Among its five focus areas, its focus on “lethal means safety” must be the top priority. The No. 1 method veterans use to end their lives is through firearms — 70% of all suicides.

What veterans need is for federal agencies to partner with and financially support existing, innovative community-based initiatives that are preventing veteran suicide at the community and individual levels. Without a focus on addressing prevention in veterans’ social networks, we won’t be doing everything we can to help. Veterans are most likely to trust another veteran when it comes to health care and lethal means safety, and we know social support is a leading factor in improving treatment outcomes and reducing isolation that contributes to suicide.

There is also another problem. Most veterans do not seek care at the VA, and those receiving care (or no care) outside of the VA have the highest rate of suicide. Most veterans receive care and support from private organizations in their communities, or from their families and friends, and although the White House plan addresses the need to use public/private partnerships, this should be its primary focus.
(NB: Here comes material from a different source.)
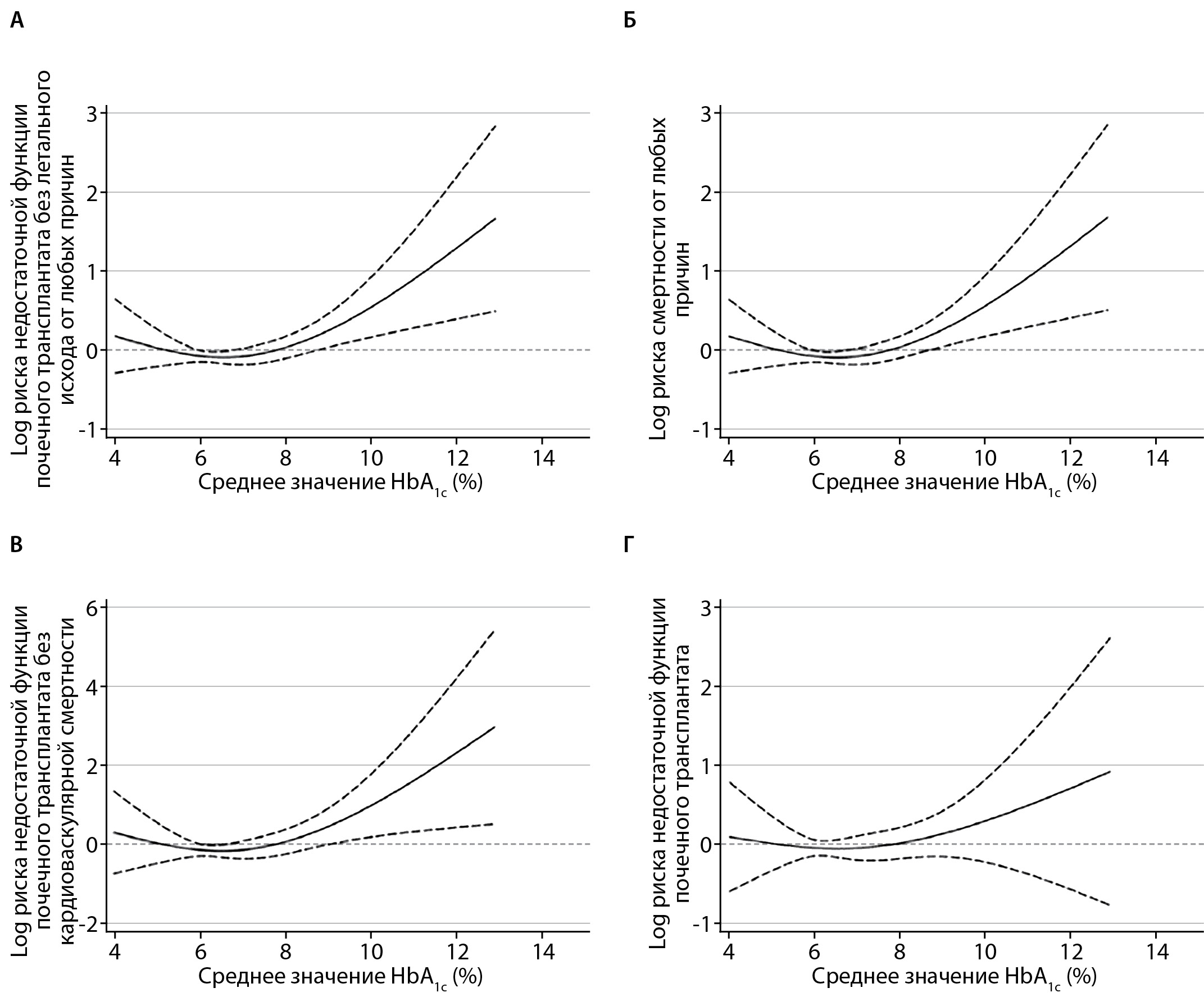 2. Рисунок 2. Относительный риск (95% ДИ) недостаточной функции почечного трансплантата без летального исхода от любых причин (А), смертности реципиентов от любых причин (Б), недостаточной функции почечного трансплантата без кардиоваскулярной смертности (В) и недостаточной функции почечного трансплантата без летального исхода (Г) в зависимости от среднего значения HbA1c перед пересадкой почки у 2872 диализных пациентов с сахарным диабетом при наблюдении в течение 6 лет после трансплантации почки (регрессионный анализ по Cox) [27].

To reach veterans who are at risk for suicide and have access to firearms or other lethal means, prevention is most effective coming from people they already trust. Many veteran-focused community-based organizations create opportunities for peer support, volunteerism and socializing. In particular, many organizations train veteran peers in suicide prevention in the event that a fellow veteran may need their support.
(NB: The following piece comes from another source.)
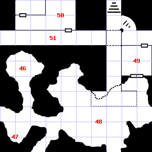 | 55 | Fog gathers and swirls on the floor, concealing it. This area is covered in cobwebs. | 56 | A cold air current blows through this area. Treasure: 500sp. | 57 | It is foggy here, making it difficult to see. Encounter: Bandits (6) Treasure: As per monster type. |

One example of building on these close bonds to address suicide is the Overwatch project with its #JustFCKNAsk campaign, the equivalent of the “Friends Don’t Let Friends Drink and Drive” campaign, only instead of talking about alcohol and driving, it helps them talk about firearms and suicide. By designing the campaign with veterans, it is street-tested and relatable.

Another tenet of the White House’s plan is addressing upstream factors that can create a network of support to prevent veterans from facing economic or other crises that can lead to feelings of hopelessness. People who are instrumental in veterans’ lives can be the first line of offense in observing changes in a veteran’s risk level. A great example of a federally supported program that engages community-based organizations in this way is the VA’s ETS Sponsorship Program. It ensures that when service members leave the military and are at the highest risk of suicide, they are paired with a (veteran or civilian) “sponsor” trained to support them. By partnering with local, community organizations, veterans who did not register for VA care can get connected.
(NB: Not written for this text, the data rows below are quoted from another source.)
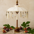 Fremstillet med en rund, let buet canvas-kaleche i rolig creme, står den på en varm brun træstang og et trappet fodstykke med subtile guldfarvede ringe. En udskåret knopp kronrer stykket, med en lille stofknude nedenunder, en syet kant og hængende creme kvaster trådet med træ- og guldfarvede perler; sølvfarvede bladvedhæng tilføjer en delikat glans, mens de svajer. I balinesisk tradition optræder ceremonielle parasoller (tedung) ved templer og festivaler som symboler på beskyttelse, ærbødighed og fejring—placeret for at ære det hellige og invitere en festlig, omsorgsfuld atmosfære i dagligdagen. 🌿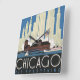 Ilustração antiga de pôster de viagem de Chicago, Illinois, Chicago Tem Tudo! Com uma vista da silhueta da cidade de Chicago, com arranha-céus, edifícios altos e o porto com navios e outros barcos.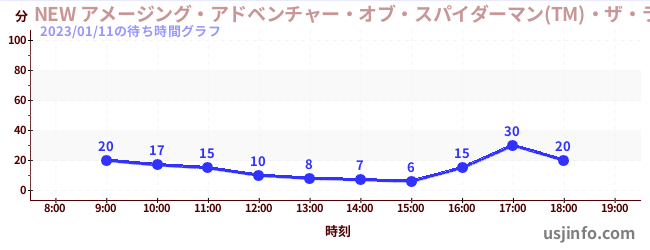 • NEW アメージング・アドベンチャー・オブ・スパイダーマン(TM)・ザ・ライド 4K3D$B$N(B2023年01月11日の待ち時間

To make an impact on veteran suicide rates, we must focus on the private/public partnerships and support activities that engage all of us in giving back to those who have served us. These robust, thoughtful policies on how to connect veterans with people who want to help will ultimately save lives.

Elisa Borah is the director of the Institute for Military and Veteran Family Wellness and a research associate professor in the Steve Hicks School of Social Work at The University of Texas at Austin.

A version of this op-ed appeared in The Hill.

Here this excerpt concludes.